Это напоминало попытки осы поразить своим жалом огромного быка.
Конечно, масса войска после короткого замешательства отразила неожиданную для неё атаку. Но движение борисовцев уже было остановлено, хотя воины в задних рядах, ещё не совсем сообразившие, что происходит, продолжали повиноваться отчаянным крикам своих десятников и напирали на передних товарищей.
— Живо! Живо! Бараны!
Не успели отринуть в сторону налетевшие польские конники, уронив на снег нескольких своих товарищей, как уже по другому склону холма, но с той же неожиданностью и с тем же напором, ударила новая волна гусар. Войско борисовцев подалось бы, конечно, назад, да не могло из-за упорства задних рядов. Началась страшная давка, послышались крики, стоны:
— А-а-а!
Эта атака тоже была отражена.
Третью атаку совершило уже большее количество всадников, а когда и их предприятие обернулось относительной неудачей, то на вершине холма, где красовался осыпанный снегом дуб, появился вдруг всадник на белом коне, с оголённою саблею в руке. На голове у него сверкал золотом шлем, из-под красного плаща виднелись такие же сверкающие латы.
Появление всадника было встречено громом приветствий, которые уже окончательно озадачили и насторожили войско князя Мстиславского.
— Это он! — услышал капитан Маржерет крик из среды воинства большого полка. — Это царевич!
— Царевич! — раздалось ещё несколько криков, но они были подавлены, словно кричавшим зажали горло.
И тут одновременно по склону холма на московское воинство ударило ещё несколько отрядов — и слева, и справа. Но самым мощным показался капитану Маржерету отряд под водительством того, кого многие признавали уже за царевича Димитрия. Молодец этот скакал во главе всадников, одетых в синие кафтаны. То были его соотечественники.

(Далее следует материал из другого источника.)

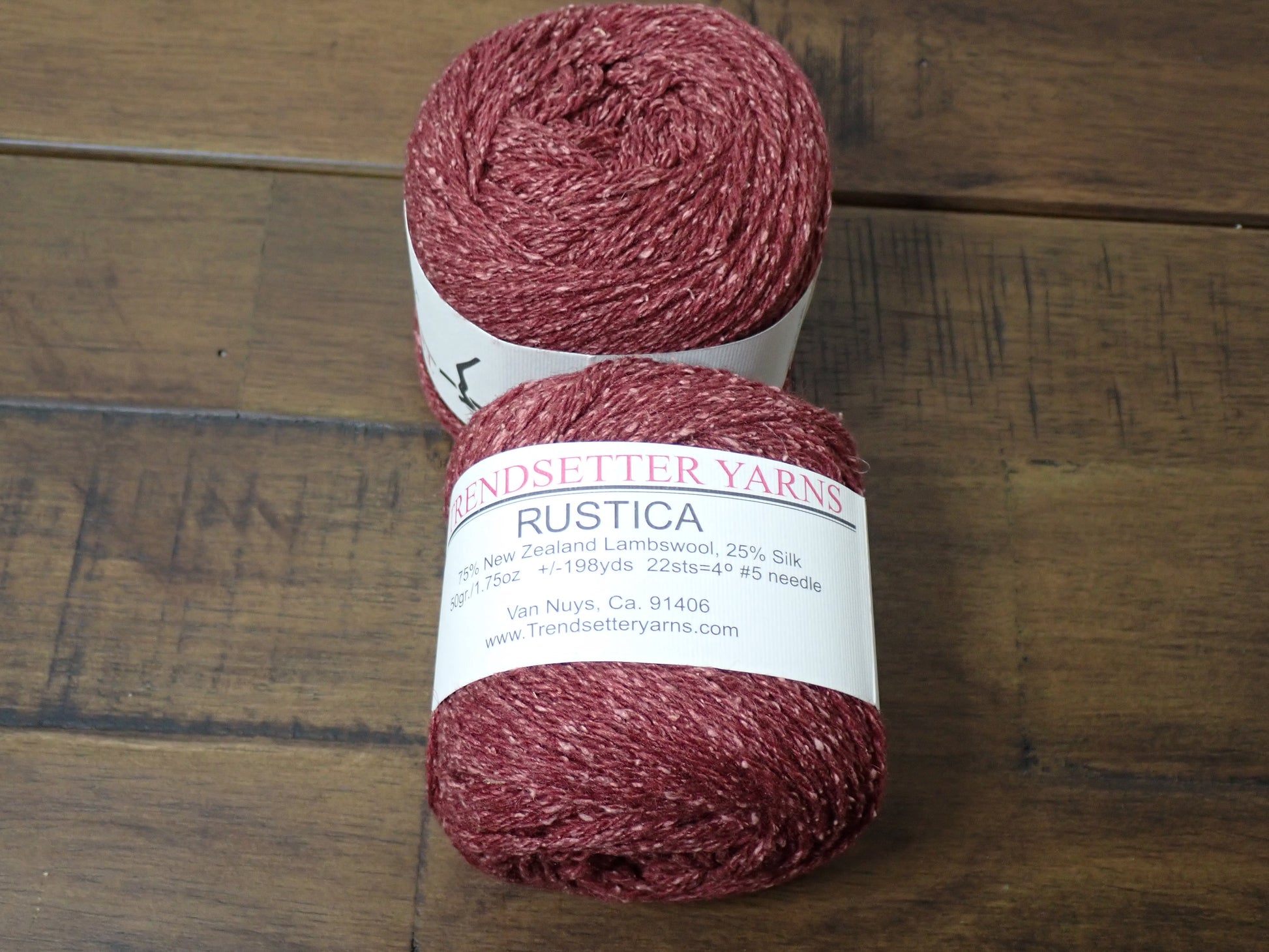 A deliciously gorgeous blend of wool and silk. The two fibers are intimately blended before dying so that the silk takes on a shade of each color. Easy to knit and wear. 75% New Zealand Wool, 25% Silk. 195 yards. A nice dark red color to go with anything.

— Ура! — покатилось по склону холма.
— Ура!
— Ура!
Мощный крик наполнил окрестности. Капитан Маржерет оглянулся на свою роту. Бывалые вояки внимательно за всем следили, но скрывали собственную тревогу, перебрасываясь громкими, ненужными сейчас фразами.

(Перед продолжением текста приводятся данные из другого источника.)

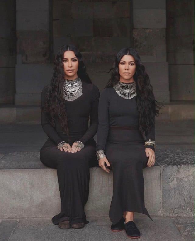 卡戴珊姐妹已故父亲罗伯特 ·卡戴珊是亚美尼亚籍美国人,所以她们对亚美尼亚有种特殊情怀。大姐考特妮也参与了这次家庭之旅,姐妹俩穿上代表虔诚的黑色服饰,拍下了这组照片,此前金·卡戴珊并未曝光该照片。姐妹俩穿上一样的衣服,虽然很相似,但也暴露了各自的身材缺陷。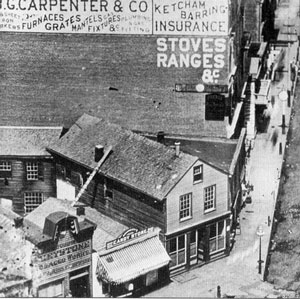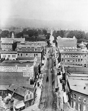 Below: 57 Public Square in Wilkes-Barre, the corner of the west side of Public Square and West Market Street ; listed as Dearie's Hotel in 1889, and known for many years afterwards as "Dearie's Corner"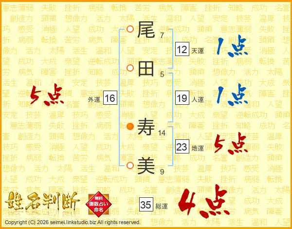 尾田寿美さんの総運は35画の4点!
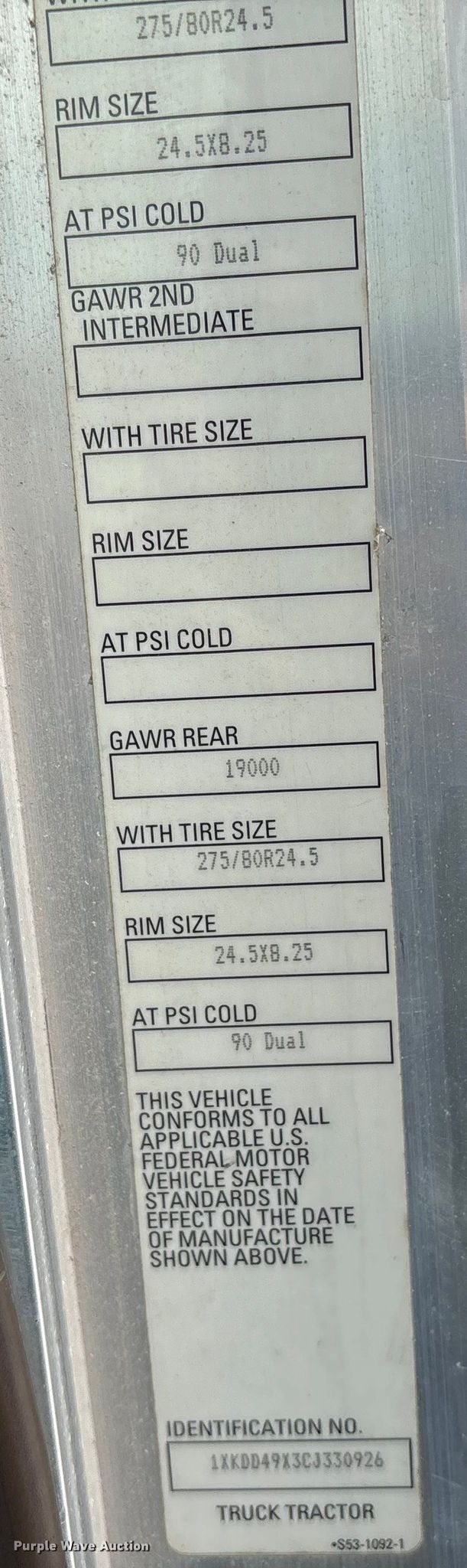 Purple Wave is selling a used Truck Tractor in Texas. This item is a 2012 Kenworth T800 semi truck with the following: Miles: 743,809 on odometer, Hours: 22,121 on meter, VIN: 1XKDD49X3CJ330926

Правое крыло большого полка князя Мстиславского дрогнуло. Передовая линия его заколебалась, задёргалась, словно раненая птица. Масса людей устремилась назад, сминая всё на своём пути. Возле золотого огромного знамени, где находился сейчас князь Мстиславский, учинилось столпотворение. Там мельтешили красные кафтаны аркебузиров. Именно туда рвались воины, ведомые загадочным всадником на белом коне.
11
— Победа!
— Победа!
А пану Мнишеку всё ещё не верилось, что это правда. В ушах гремели мушкетные выстрелы, слышался топот копыт и стояли человеческие крики и стоны.
— Победа! Победа!
В наступающих сумерках его поздравляли не только полковники Дворжицкий и Жулицкий, не только разгорячённый боем сын Станислав, чья рота, кстати, отличилась великолепной выучкой, напором, скоростью, не хуже самых лучших рот Дворжицкого, Фредра, Наборовского, Борши и прочих. Не хуже роты, что ринулась в атаку под началом самого царевича.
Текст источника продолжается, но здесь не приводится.